At the root of these challenges is how, and if at all, we can reliably identify who someone is. And even if we can, what the legal and perception challenges are around what we then do with that knowledge.
This is another reason for the rise and rise of Google and Facebook who can address these challenges at scale and whose users are pretty much logged in all the time wherever they go online. Not a luxury most of us have.
2.7 Talent
Yes, there is still a war for that.
3. Marketing trends for 2017
And now the key trends in marketing.
3.1 Marketing transformation
The ‘death of digital’ debate rumbles on but certainly I have noticed brands talking not only about ‘digital transformation’ but also about ‘marketing transformation’.
Usually the initial focus is a restructure of the marketing organisation, often with the (re)integration of digital marketing, and often with a new person at the top who is increasingly likely to be a CCO (Chief Customer Officer) rather than CMO.
Oystercatchers (a sister brand to Econsultancy and part of Centaur Media plc) note a trend towards clients bringing more marketing teams in house – maybe not permanently but building dream teams for specific tasks.

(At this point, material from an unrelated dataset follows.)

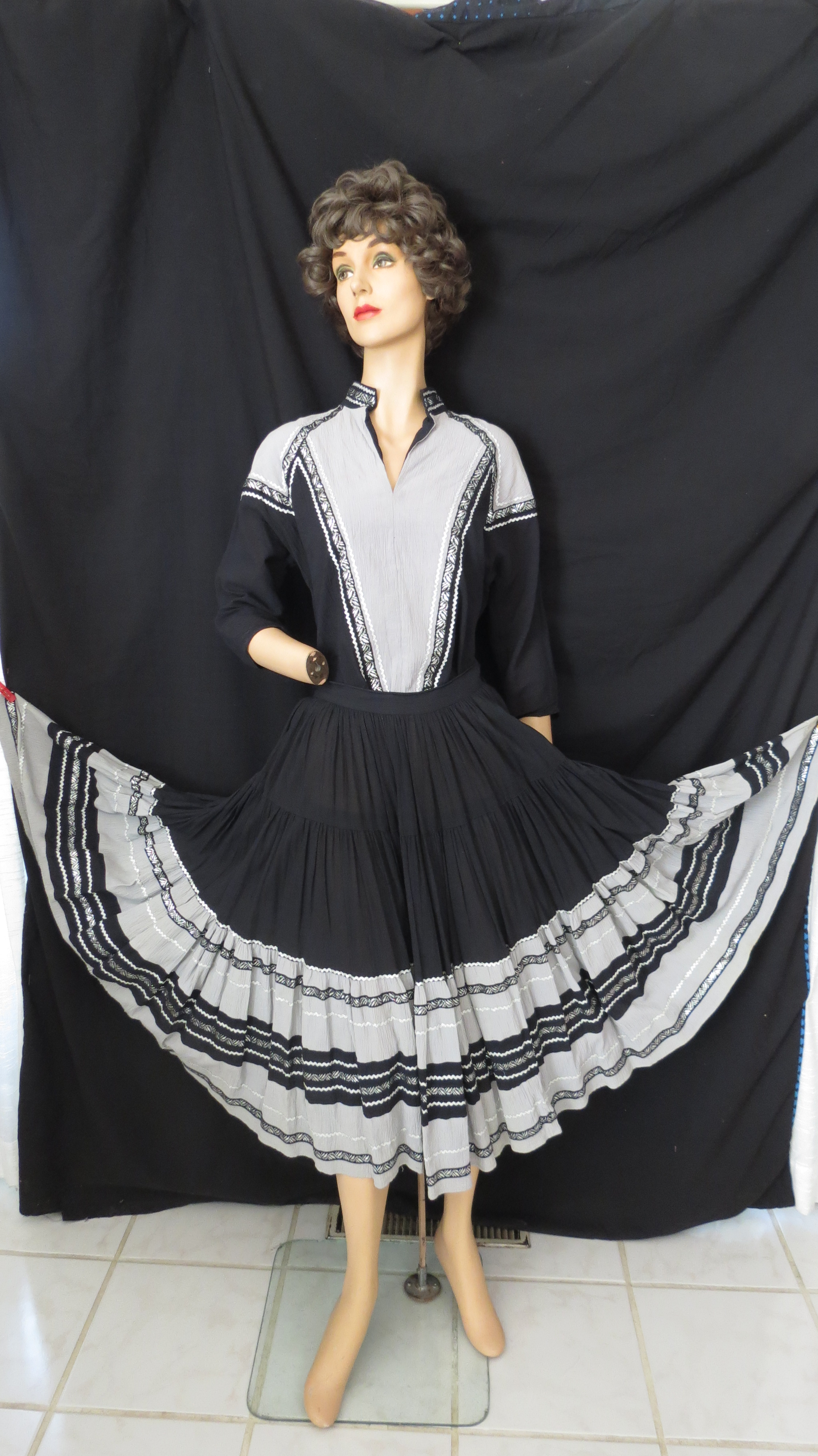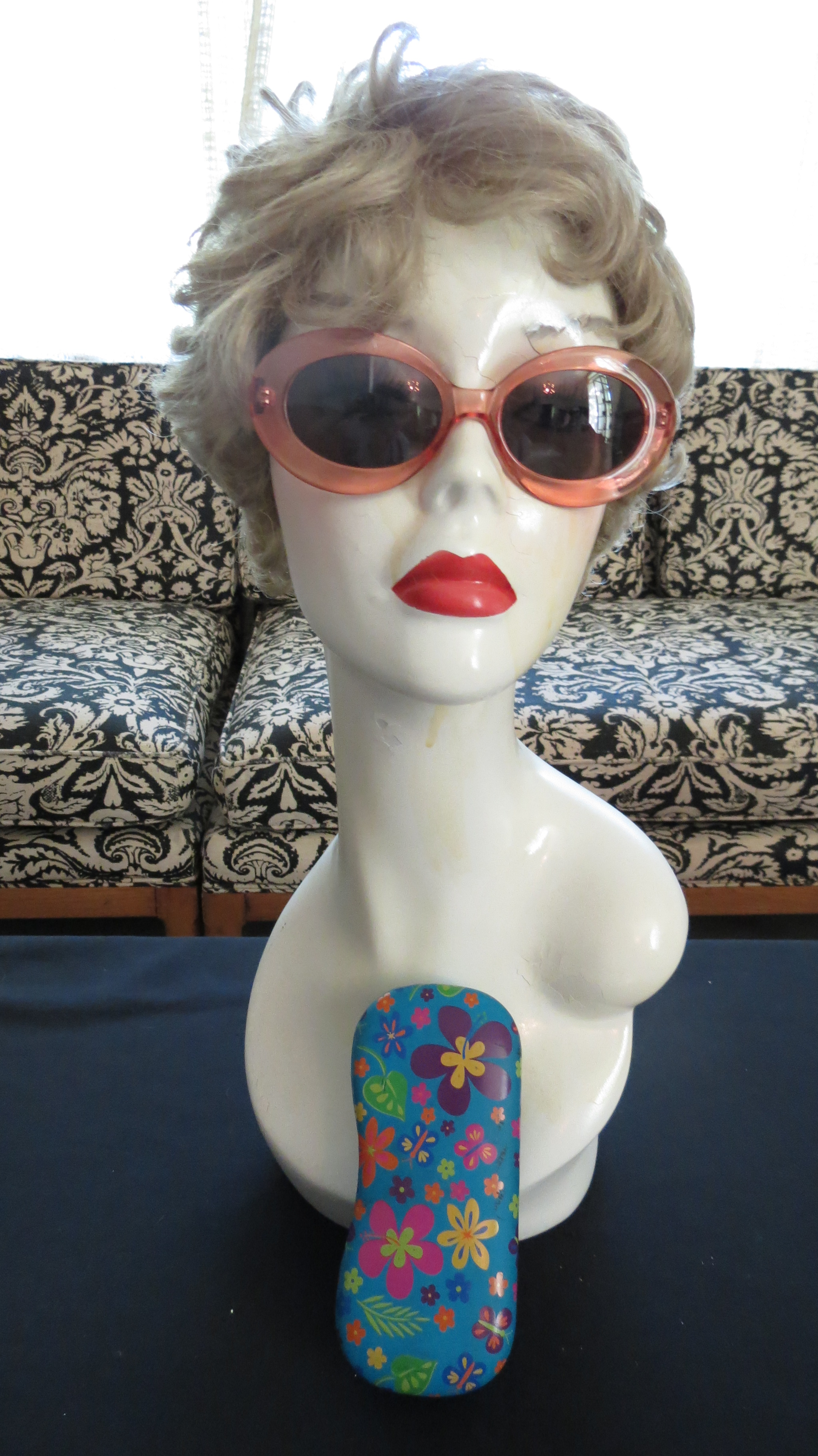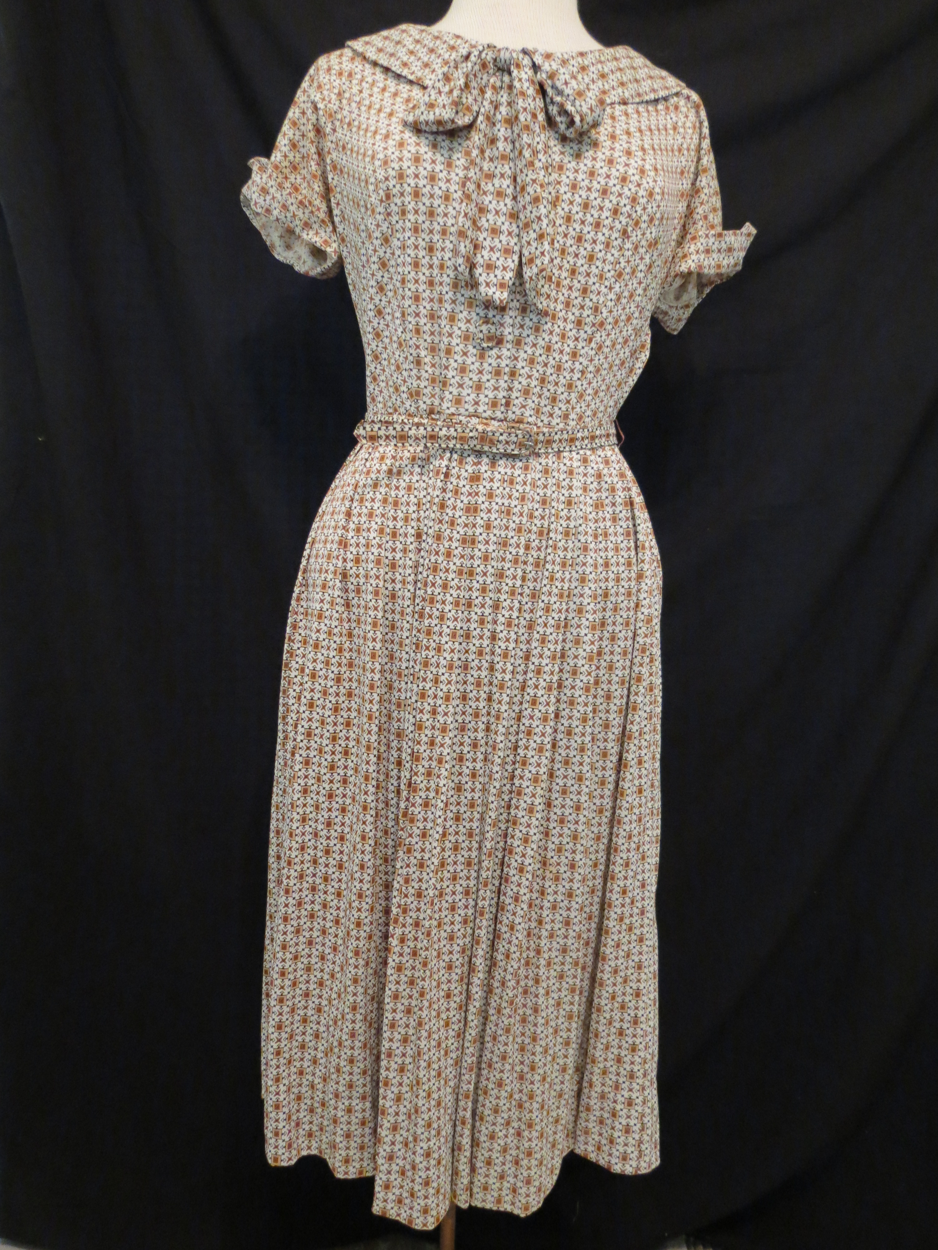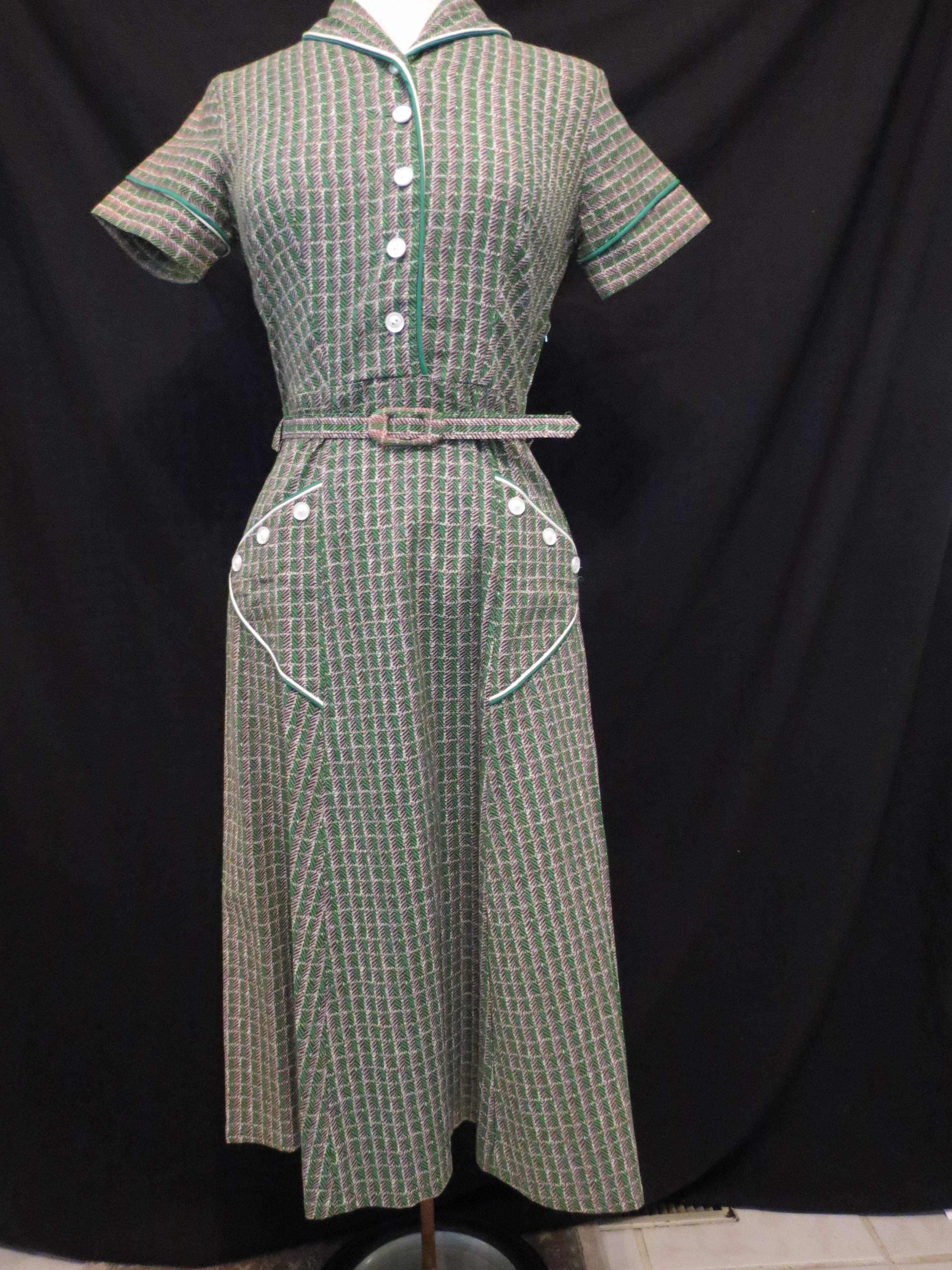 Made from cotton, poly and rayon – these dresses from the pre- and post-war years of the 1940’s tell a fashion history of what was happening during the decade. In the late 1930’s and first 2 years of the 1940’s the war was still fomenting in Europe and Americans didn’t feel especially impacted by this. We had not joined the fight yet and everything at home was ticking along as usual, with fun movie entertainment, jitterbug dancing and jazz. Casual cotton dresses were available, as well as comfy cotton slips. A Western-wear travel fad breezed through the fashion world and sunglasses became more and more common accessories. Cat-eye glasses were called Harlequin glasses then but a round or square lens with heavy plastic frames was the most common until the 1950’s. (Of course, the glasses case in the second picture is retro 1960’s.)

Accompanying this internal transformation is a re-evaluation of supplier relationships, the likely outcome of which I address earlier, and zero-based budgeting has become more popular as another way to ‘reset the clock’.
The area that I find most interesting is the idea of ‘marketing ops’: the operating system for marketing. This is one effective way of keeping focus but also dealing with complexity and delivering operational efficiency.
Just as (enlightened) IT has ‘dev ops’ it makes absolute sense to me that marketing needs ‘marketing ops’. Marketing is adopting ‘agile’ from the world of technology (incorrectly in many cases, but still…) and could do well to adopt ‘ops’.
If you want to get some insight into this emerging area of marketing I recommend you look at this presentation on marketing ops by Justin Dunham of Urban Airship.
3.2 Customer experience still top of the agenda
Customer experience has been a hot topic for a few years now but it shows no sign of cooling in 2017. Every single piece of market research Econsultancy does into what topics marketers are prioritising, and indeed the equivalent data I have seen from other analysts, shows customer experience topping the charts.
The drivers for this are partly just to meet customers’ rising expectations, i.e. improved experiences, particularly digital and multichannel ones, are something that you just have to do. Partly, of course, it is in an effort to improve ROI through better conversion and retention rates.
2017 will see more ‘customer journey mapping’, more defining of personas and further efforts at personalisation. And, according to Econsultancy’s recent Implementing a CX Strategy research, it is the marketing function which is most likely to own CX within a business. Yet only 8% of companies view themselves as ‘very advanced’ in terms of customer experience maturity.
Multichannel will remain a big focus for customer experience improvements. Amazon Go, which entirely automates the in-store experience using sensors and machine learning, shows what is possible when blending the digital and physical.
Multichannel should not be about the distinction of physical and digital channels but about experience fulfilment: what works best for what experience and customer need.